Task statement:
All records shown below should be given again, character for character.

Entries taken from a collection:
Start of Block
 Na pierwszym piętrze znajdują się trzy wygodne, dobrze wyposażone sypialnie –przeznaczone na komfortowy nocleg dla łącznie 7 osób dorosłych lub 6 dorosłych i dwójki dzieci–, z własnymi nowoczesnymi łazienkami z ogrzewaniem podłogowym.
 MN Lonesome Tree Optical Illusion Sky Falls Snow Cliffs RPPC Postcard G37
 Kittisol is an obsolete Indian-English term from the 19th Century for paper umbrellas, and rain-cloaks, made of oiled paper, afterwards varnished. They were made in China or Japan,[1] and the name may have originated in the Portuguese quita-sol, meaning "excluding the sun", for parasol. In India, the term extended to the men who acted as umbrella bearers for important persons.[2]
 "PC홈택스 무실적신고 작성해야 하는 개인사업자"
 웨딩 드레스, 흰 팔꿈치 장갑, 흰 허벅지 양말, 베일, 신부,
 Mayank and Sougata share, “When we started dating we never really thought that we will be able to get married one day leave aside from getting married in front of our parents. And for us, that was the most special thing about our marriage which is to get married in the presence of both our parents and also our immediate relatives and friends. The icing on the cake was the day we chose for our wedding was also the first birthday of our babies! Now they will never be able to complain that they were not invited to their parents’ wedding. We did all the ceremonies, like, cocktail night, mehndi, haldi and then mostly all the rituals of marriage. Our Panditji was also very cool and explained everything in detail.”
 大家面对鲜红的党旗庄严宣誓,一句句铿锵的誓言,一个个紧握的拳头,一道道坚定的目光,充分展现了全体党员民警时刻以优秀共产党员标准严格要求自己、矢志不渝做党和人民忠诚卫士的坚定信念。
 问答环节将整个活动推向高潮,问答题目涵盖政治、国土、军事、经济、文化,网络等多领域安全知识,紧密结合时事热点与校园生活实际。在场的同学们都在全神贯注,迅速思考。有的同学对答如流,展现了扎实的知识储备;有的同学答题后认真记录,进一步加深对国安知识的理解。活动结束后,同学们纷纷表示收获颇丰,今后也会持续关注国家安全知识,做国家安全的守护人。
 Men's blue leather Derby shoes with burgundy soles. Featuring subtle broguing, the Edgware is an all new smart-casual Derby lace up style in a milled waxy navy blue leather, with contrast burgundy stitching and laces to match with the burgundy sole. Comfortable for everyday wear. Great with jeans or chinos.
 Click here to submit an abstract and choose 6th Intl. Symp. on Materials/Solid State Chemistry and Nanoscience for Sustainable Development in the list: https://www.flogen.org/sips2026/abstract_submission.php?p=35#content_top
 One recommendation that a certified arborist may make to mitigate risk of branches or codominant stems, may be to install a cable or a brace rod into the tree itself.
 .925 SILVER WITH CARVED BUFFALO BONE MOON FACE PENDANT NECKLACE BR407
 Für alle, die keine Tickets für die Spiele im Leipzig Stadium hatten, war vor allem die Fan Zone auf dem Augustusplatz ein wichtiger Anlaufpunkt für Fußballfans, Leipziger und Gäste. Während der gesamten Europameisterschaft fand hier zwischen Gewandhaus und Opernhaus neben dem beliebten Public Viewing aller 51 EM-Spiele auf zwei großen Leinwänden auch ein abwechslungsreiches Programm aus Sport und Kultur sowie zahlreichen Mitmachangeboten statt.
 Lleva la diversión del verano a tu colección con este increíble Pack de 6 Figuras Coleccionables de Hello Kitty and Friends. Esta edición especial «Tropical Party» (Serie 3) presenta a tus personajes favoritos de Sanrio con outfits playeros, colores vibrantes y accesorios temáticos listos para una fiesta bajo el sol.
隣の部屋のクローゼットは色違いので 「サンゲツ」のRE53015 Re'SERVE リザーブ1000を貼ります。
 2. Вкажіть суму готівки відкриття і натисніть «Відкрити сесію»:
End of Block
Response to this exercise:
 Na pierwszym piętrze znajdują się trzy wygodne, dobrze wyposażone sypialnie –przeznaczone na komfortowy nocleg dla łącznie 7 osób dorosłych lub 6 dorosłych i dwójki dzieci–, z własnymi nowoczesnymi łazienkami z ogrzewaniem podłogowym.
 MN Lonesome Tree Optical Illusion Sky Falls Snow Cliffs RPPC Postcard G37
 Kittisol is an obsolete Indian-English term from the 19th Century for paper umbrellas, and rain-cloaks, made of oiled paper, afterwards varnished. They were made in China or Japan,[1] and the name may have originated in the Portuguese quita-sol, meaning "excluding the sun", for parasol. In India, the term extended to the men who acted as umbrella bearers for important persons.[2]
 "PC홈택스 무실적신고 작성해야 하는 개인사업자"
 웨딩 드레스, 흰 팔꿈치 장갑, 흰 허벅지 양말, 베일, 신부,
 Mayank and Sougata share, “When we started dating we never really thought that we will be able to get married one day leave aside from getting married in front of our parents. And for us, that was the most special thing about our marriage which is to get married in the presence of both our parents and also our immediate relatives and friends. The icing on the cake was the day we chose for our wedding was also the first birthday of our babies! Now they will never be able to complain that they were not invited to their parents’ wedding. We did all the ceremonies, like, cocktail night, mehndi, haldi and then mostly all the rituals of marriage. Our Panditji was also very cool and explained everything in detail.”
 大家面对鲜红的党旗庄严宣誓,一句句铿锵的誓言,一个个紧握的拳头,一道道坚定的目光,充分展现了全体党员民警时刻以优秀共产党员标准严格要求自己、矢志不渝做党和人民忠诚卫士的坚定信念。
 问答环节将整个活动推向高潮,问答题目涵盖政治、国土、军事、经济、文化,网络等多领域安全知识,紧密结合时事热点与校园生活实际。在场的同学们都在全神贯注,迅速思考。有的同学对答如流,展现了扎实的知识储备;有的同学答题后认真记录,进一步加深对国安知识的理解。活动结束后,同学们纷纷表示收获颇丰,今后也会持续关注国家安全知识,做国家安全的守护人。
 Men's blue leather Derby shoes with burgundy soles. Featuring subtle broguing, the Edgware is an all new smart-casual Derby lace up style in a milled waxy navy blue leather, with contrast burgundy stitching and laces to match with the burgundy sole. Comfortable for everyday wear. Great with jeans or chinos.
 Click here to submit an abstract and choose 6th Intl. Symp. on Materials/Solid State Chemistry and Nanoscience for Sustainable Development in the list: https://www.flogen.org/sips2026/abstract_submission.php?p=35#content_top
 One recommendation that a certified arborist may make to mitigate risk of branches or codominant stems, may be to install a cable or a brace rod into the tree itself.
 .925 SILVER WITH CARVED BUFFALO BONE MOON FACE PENDANT NECKLACE BR407
 Für alle, die keine Tickets für die Spiele im Leipzig Stadium hatten, war vor allem die Fan Zone auf dem Augustusplatz ein wichtiger Anlaufpunkt für Fußballfans, Leipziger und Gäste. Während der gesamten Europameisterschaft fand hier zwischen Gewandhaus und Opernhaus neben dem beliebten Public Viewing aller 51 EM-Spiele auf zwei großen Leinwänden auch ein abwechslungsreiches Programm aus Sport und Kultur sowie zahlreichen Mitmachangeboten statt.
 Lleva la diversión del verano a tu colección con este increíble Pack de 6 Figuras Coleccionables de Hello Kitty and Friends. Esta edición especial «Tropical Party» (Serie 3) presenta a tus personajes favoritos de Sanrio con outfits playeros, colores vibrantes y accesorios temáticos listos para una fiesta bajo el sol.
隣の部屋のクローゼットは色違いので 「サンゲツ」のRE53015 Re'SERVE リザーブ1000を貼ります。
 2. Вкажіть суму готівки відкриття і натисніть «Відкрити сесію»:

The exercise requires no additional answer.